Gestation is 8 ½ months. There are typically 3–4 years between births. Infants stay with their mothers for 3–4 years. Females mature at 10–12 years (earlier in captivity); males 11–13 years, sometimes sooner if they assume leadership early. Lifespan is between 30–50 years. The Philadelphia Zoo's Massa set the longevity record of 54 years at the time of his death.
Gorillas are mainly vegetarian, eating fruits, leaves, and shoots. Insects make up 1-2% of their diet.
To date, no research has been conducted into how strong gorillas are compared to humans. Comparisons cannot be made very easily. Some people say that a silverback male is ten times stronger than a man while others claim a silverback is 27 times stronger. However, neither argument has been proved. A gorilla male probably looks much stronger than he actually is, as he doesn't have that much more muscle tissue than humans.
Even so it is very difficult to bring gorillas under control when they are aggressive or when they are panicking. Even a four-year-old gorilla is difficult for a single person to control.
A silverback is an adult male gorilla, typically more than 12 years of age and named for the distinctive patch of silver hair on his back. A silverback gorilla has large canines that come with maturity. Blackbacks are sexually immature males of up to 11 years of age.
Silverbacks are the strong, dominant troop leaders. Each typically leads a troop of 5 to 30 gorillas and is the center of the troop's attention, making all the decisions, mediating conflicts, determining the movements of the group, leading the others to feeding sites and taking responsibility for the safety and well-being of the troop.
Males will slowly begin to leave their original troop when they are about 11 years old, travelling alone or with a group of other males for 2–5 years before being able to attract females to form a new group and start breeding. While infant gorillas normally stay with their mother for 3–4 years, silverbacks will care for weaned young orphans.

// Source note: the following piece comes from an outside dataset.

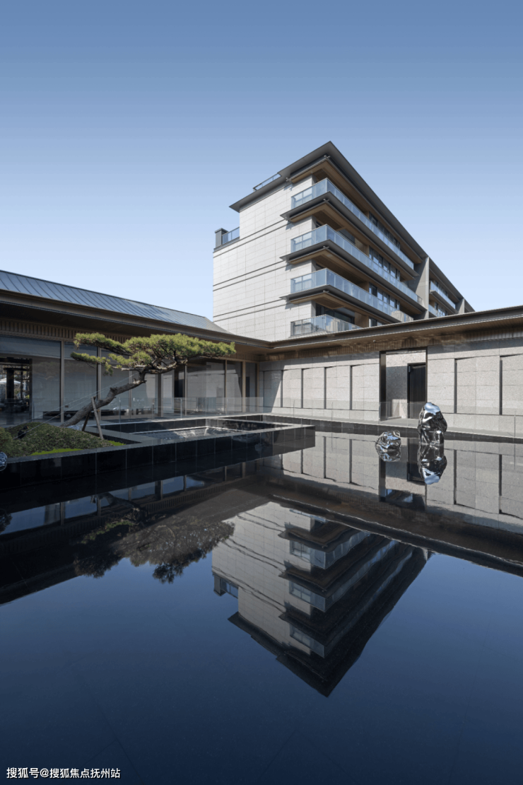 一进水院,所有的建筑落地,傍晚时分的黄昏和清晨耀眼的阳光都会倒影到水面上,百年典藏的松树私藏在这样一个院落里面。

If challenged by a younger or even by an outsider male, a silverback will scream, beat his chest, shake broken-off branches at the intruder, bare his teeth then charge forward. If he is killed by disease, accident, fighting or poachers, the group will split up or be taken over in its entirety by a male descendant or even an unrelated male; there is a strong risk that a new male may kill the infants of the dead silverback.